● About this task: Output, word for word, the line that contains "- This unisex" and all lines after it in the records below, omitting pictures.

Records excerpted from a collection
────────
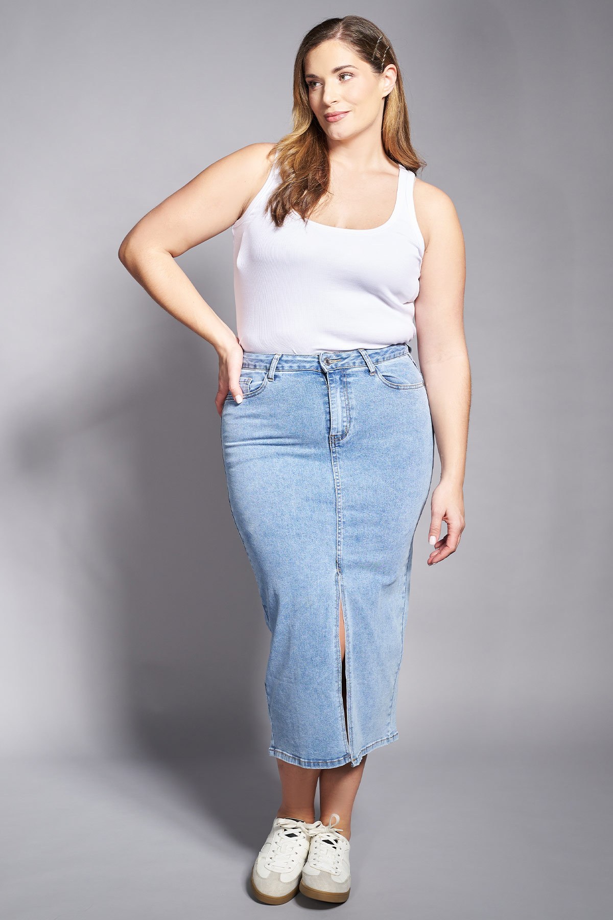 Αυτή η τζιν φούστα σε midi μήκος προσφέρει μια μοντέρνα εκδοχή ενός κλασικού αγαπημένου κομματιού. Είναι σχεδιασμένη σε ίσια γραμμή με ψηλή μέση που κολακεύει τη σιλουέτα, ενώ το μπροστινό σκίσιμο στο κέντρο προσθέτει μια δόση θηλυκότητας και διευκολύνει την κίνηση. Το ανοιχτόχρωμο “washed” χρώμα της και οι κλασικές ραφές της χαρίζουν μια ανεπιτήδευτη αίσθηση, καθιστώντας την ιδανική για ποικίλους συνδυασμούς από το πρωί έως το βράδυ. Συνδυάστε τη με ένα t-shirt και sneakers για ένα χαλαρό πρωινό look, ή με ένα μαύρο κορμάκι και mules για μια κομψή βραδινή εμφάνιση. Το μοντέλο έχει ύψος 180 εκ στήθος 107 μέση 95 περιφέρεια 122 και φοράει το μέγεθος S
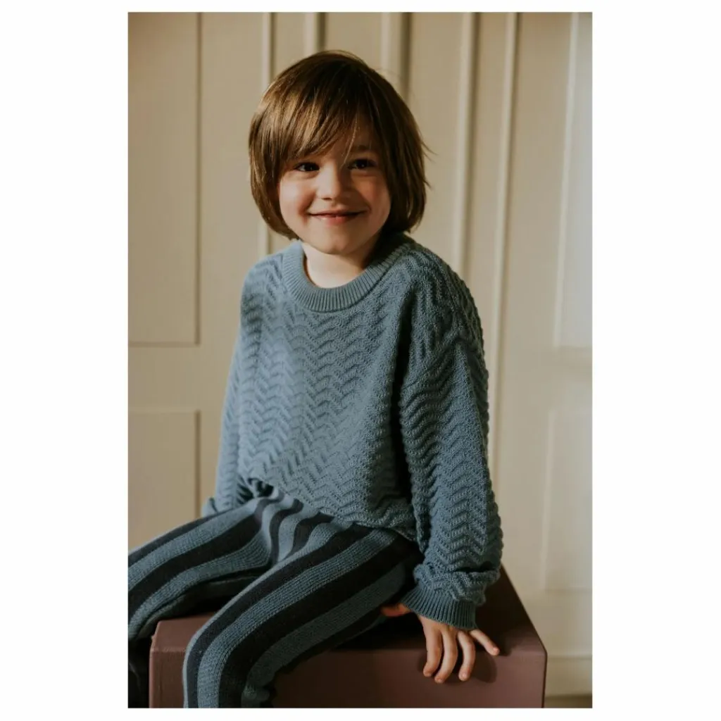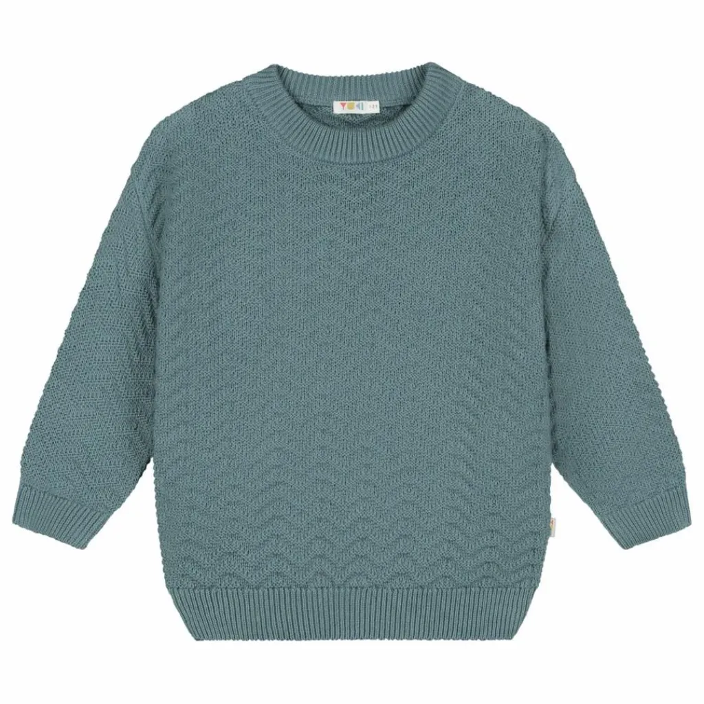 - This unisex knitted sweater is made with 100% organic cotton and yarns that are Gots and Oekotex® certified. It has a regular fit and the textured chevron pattern gives it a beautiful ‘wavy’ look. Perfect for playing hide and seek. Yuki offers a minimalistic high-quality collection for those who believe in slow fashion. Fairly made in Portugal.
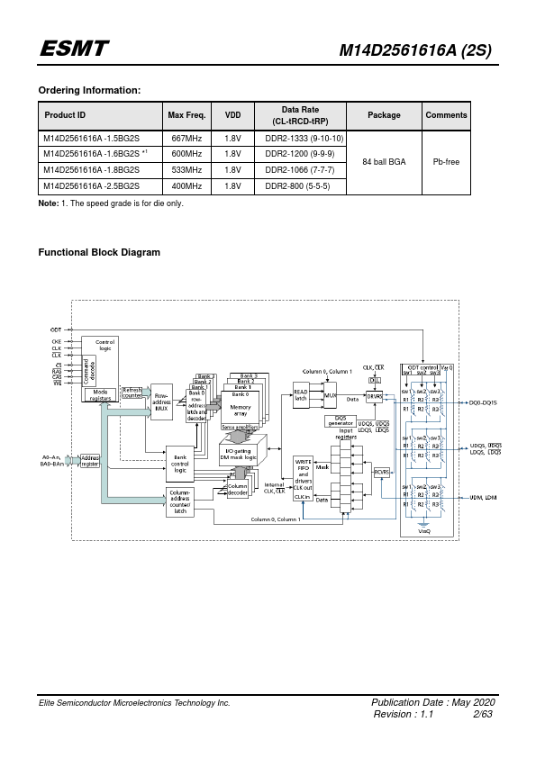 ESMT DDR II SDRAM M14D2561616A (2S) 4M x 16 Bit x 4 Banks DDR II.
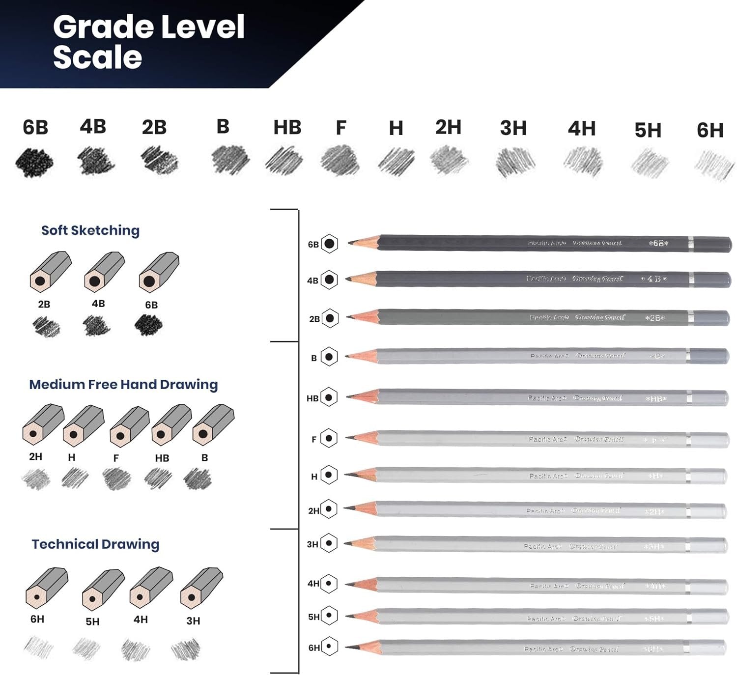 - PREMIUM GRAPHITE PENCILS - Whether you are learning a new drawing skill or creating masterful fine art, Pacific Arc's sketching pencils for artists will yield you the best results. The 12 grades of graphite lead (6b,4b,2b,b,hb,f,h,2h,3h,4h,5h,6h) will ensure you have the right art pencils for drawing and shading any project.
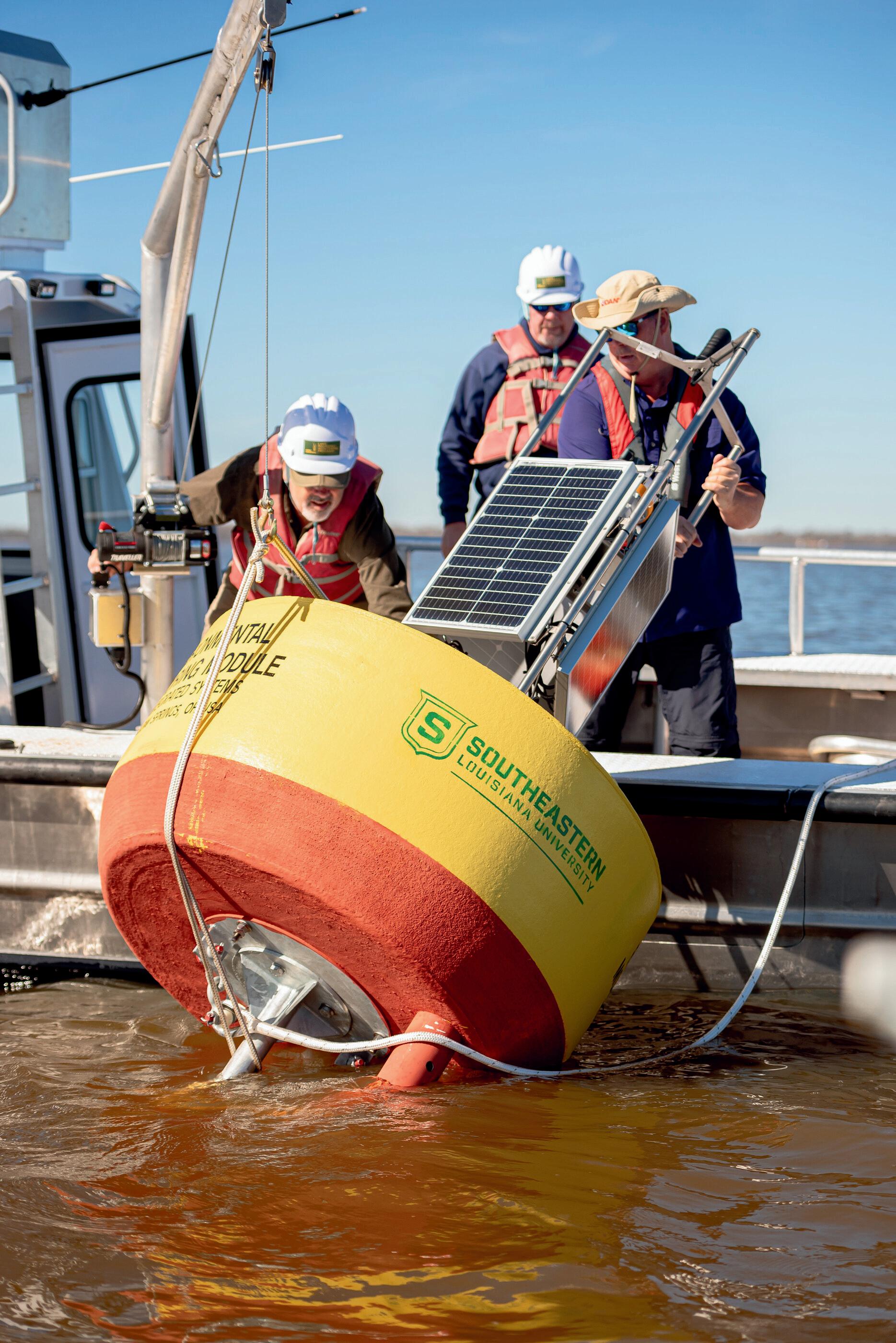 The buoys are outfitted with sensors to monitor water parameters, including dissolved oxygen, pH, water temperature, and carbon dioxide, Piller explained. One buoy will be outfitted with a weather station to measure atmospheric parameters, including wind speed, air temperature, relative humidity, barometric pressure, and precipitation. To learn more about the researchers’ work and to see data from the buoys, visit Southeastern.edu/LakeMaurepas.
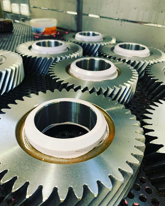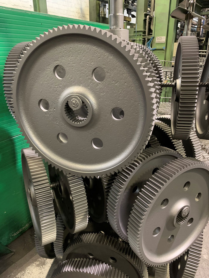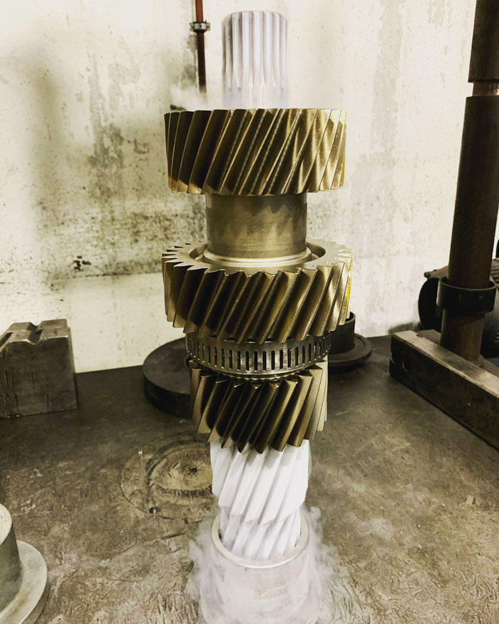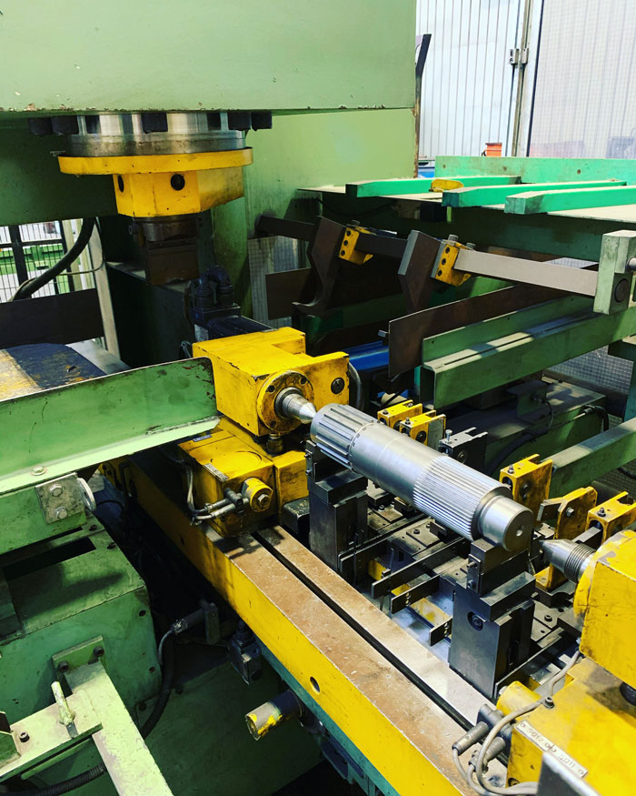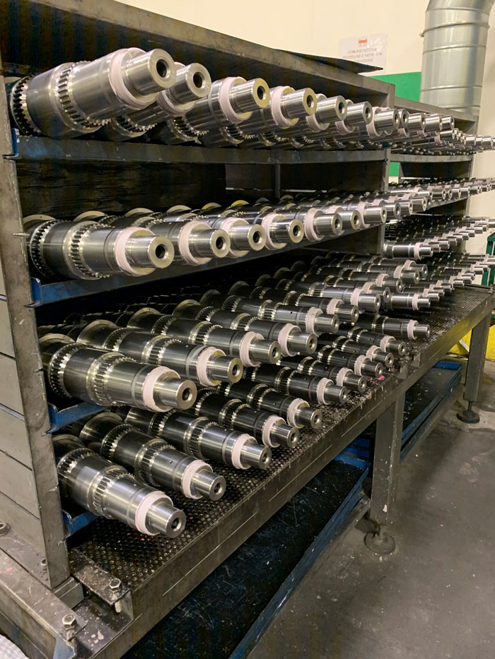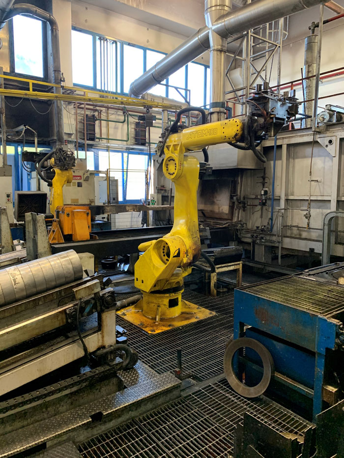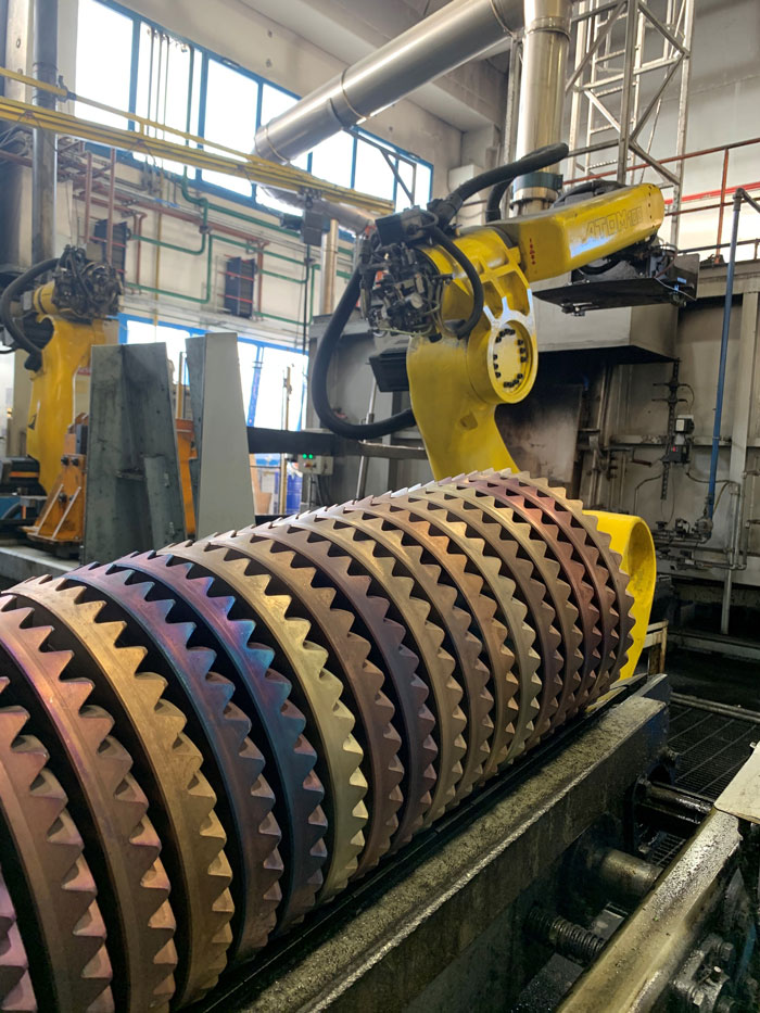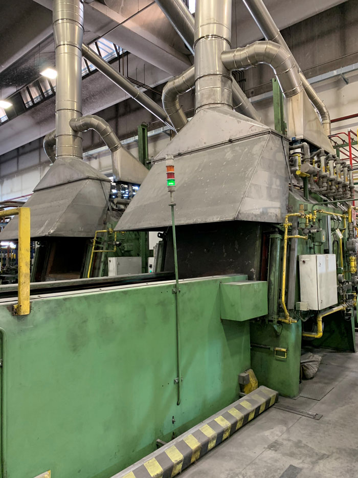 Si tratta di forni a camera in linea del tutto simili e sono dotati di un’unica camera di riscaldo per il trattamento termico, seguita da una camera di tempra in cui i pezzi sono immersi in olio. - 1 impianto di tempra in pressa robotizzato
────────
● Written answer:
 - This unisex knitted sweater is made with 100% organic cotton and yarns that are Gots and Oekotex® certified. It has a regular fit and the textured chevron pattern gives it a beautiful ‘wavy’ look. Perfect for playing hide and seek. Yuki offers a minimalistic high-quality collection for those who believe in slow fashion. Fairly made in Portugal.
 ESMT DDR II SDRAM M14D2561616A (2S) 4M x 16 Bit x 4 Banks DDR II.
 - PREMIUM GRAPHITE PENCILS - Whether you are learning a new drawing skill or creating masterful fine art, Pacific Arc's sketching pencils for artists will yield you the best results. The 12 grades of graphite lead (6b,4b,2b,b,hb,f,h,2h,3h,4h,5h,6h) will ensure you have the right art pencils for drawing and shading any project.
 The buoys are outfitted with sensors to monitor water parameters, including dissolved oxygen, pH, water temperature, and carbon dioxide, Piller explained. One buoy will be outfitted with a weather station to measure atmospheric parameters, including wind speed, air temperature, relative humidity, barometric pressure, and precipitation. To learn more about the researchers’ work and to see data from the buoys, visit Southeastern.edu/LakeMaurepas.
 Si tratta di forni a camera in linea del tutto simili e sono dotati di un’unica camera di riscaldo per il trattamento termico, seguita da una camera di tempra in cui i pezzi sono immersi in olio. - 1 impianto di tempra in pressa robotizzato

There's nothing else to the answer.